Bruxelles accompagne à peine 5,7 % des chômeurs de longue durée vers l’emploi

19 décembre 2025
Gilles Verstraeten

Sur les 3.361 chercheurs d’emploi bruxellois qui ont perdu leurs allocations le 1er janvier parce qu’ils sont sans emploi depuis plus de vingt ans, seuls 5,7 % ont retrouvé du travail entre le 1er janvier et le 31 octobre 2025. À titre de comparaison, ce taux atteignait déjà 35 % en Wallonie en septembre — soit six fois plus.

« Cette réforme met cruellement en lumière l’incapacité de Bruxelles à accompagner les personnes vers un emploi ou une formation », déclare le chef de groupe bruxellois Gilles Verstraeten. « Si à peine 5,7 % des chômeurs de longue durée parviennent à retravailler, c’est que le système bruxellois échoue. »

Aucun accompagnement vers l’emploi… ni vers une formation

Les résultats en matière de formation sont tout aussi faibles. Parmi ce même groupe, seulement 4,1 %, soit 137 personnes, ont entamé une formation professionnelle.

« Quand on veut vraiment aider les gens, on fait en sorte qu’ils soient rapidement orientés vers un parcours d’insertion professionnelle ou de formation », poursuit Gilles Verstraeten. « Et à Bruxelles, cela se fait beaucoup trop peu. »

Le plan d’activation ne commence que le 1er mars

Suite à la réforme fédérale, le gouvernement bruxellois et Actiris ont finalement été contraints de prendre les décisions que nous réclamons depuis des années. Le plan d’action bruxellois prévoit désormais un premier rendez-vous dans les quinze jours suivant l’inscription, un suivi mensuel, ainsi que la proposition d’offres d’emploi ou de stages dès le premier entretien.

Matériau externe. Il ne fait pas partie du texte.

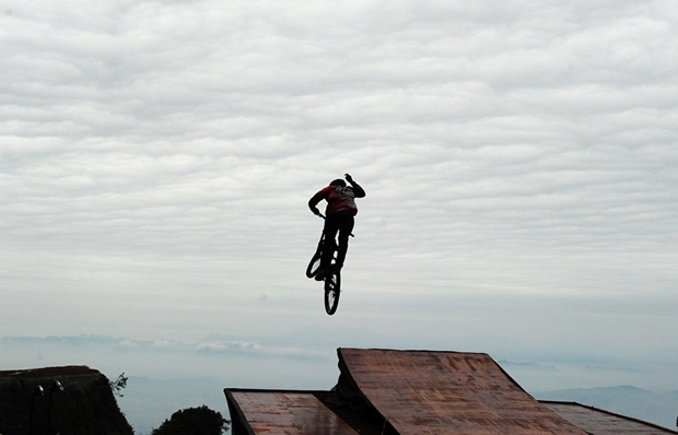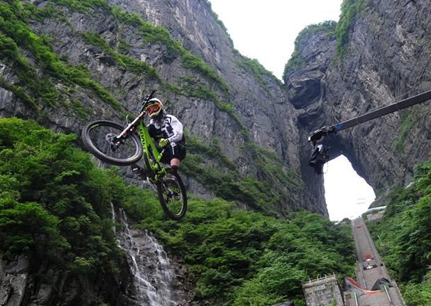 張家界天門(mén)山天門(mén)洞,999級(jí)臺(tái)階,以39°斜坡筆直往下,看一眼都覺(jué)得眩暈。如果有人騎著山地車(chē)一路沖下來(lái),你一定會(huì)說(shuō)“瘋了!”。

Mais ces mesures n’entreront en vigueur que le 1er mars 2026. « C’est beaucoup trop tard, et cela explique pourquoi Bruxelles affiche aujourd’hui des résultats bien pires que la Wallonie », souligne Verstraeten.

Le gouvernement bruxellois ne fait rien pour aider les gens

Selon Gilles Verstraeten, les partis de la majorité bruxelloise — qui sont pourtant dans l’opposition au niveau fédéral — portent une lourde responsabilité. « En commission, ils ont tenu de longs discours sur le caractère soi-disant inhumain de la réforme, mais dans les faits, ils n’ont rien fait pour réellement venir en aide aux Bruxellois qui risquent de perdre leurs allocations », affirme-t-il.

« Sous leur gestion, le chômage de longue durée est devenu un problème structurel et hors de contrôle à Bruxelles, où près de la moitié (46 %) des chercheurs d’emploi sont sans travail depuis au moins deux ans. C’est bien plus qu’en Flandre (27,8 %) et aussi plus qu’à Anvers (31,7 %). Un demandeur d’emploi de longue durée sur quatre (24,4 %) est même sans emploi depuis plus de cinq ans. Ce taux est plus de deux fois supérieur à celui d’Anvers (11,6 %), qui se rapproche de la moyenne flamande (10,6 %). »

« Ces personnes ont été abandonnées pendant des années, sans accompagnement ni perspective, et aujourd’hui, la même chose se reproduit. Il n’y a pas de plan d’activation solide et à temps. Le fait que l’accompagnement ne commence qu’au 1er mars est un choix politique — et une fois de plus, ce sont des milliers de Bruxellois qui en paient le prix », conclut Gilles Verstraeten.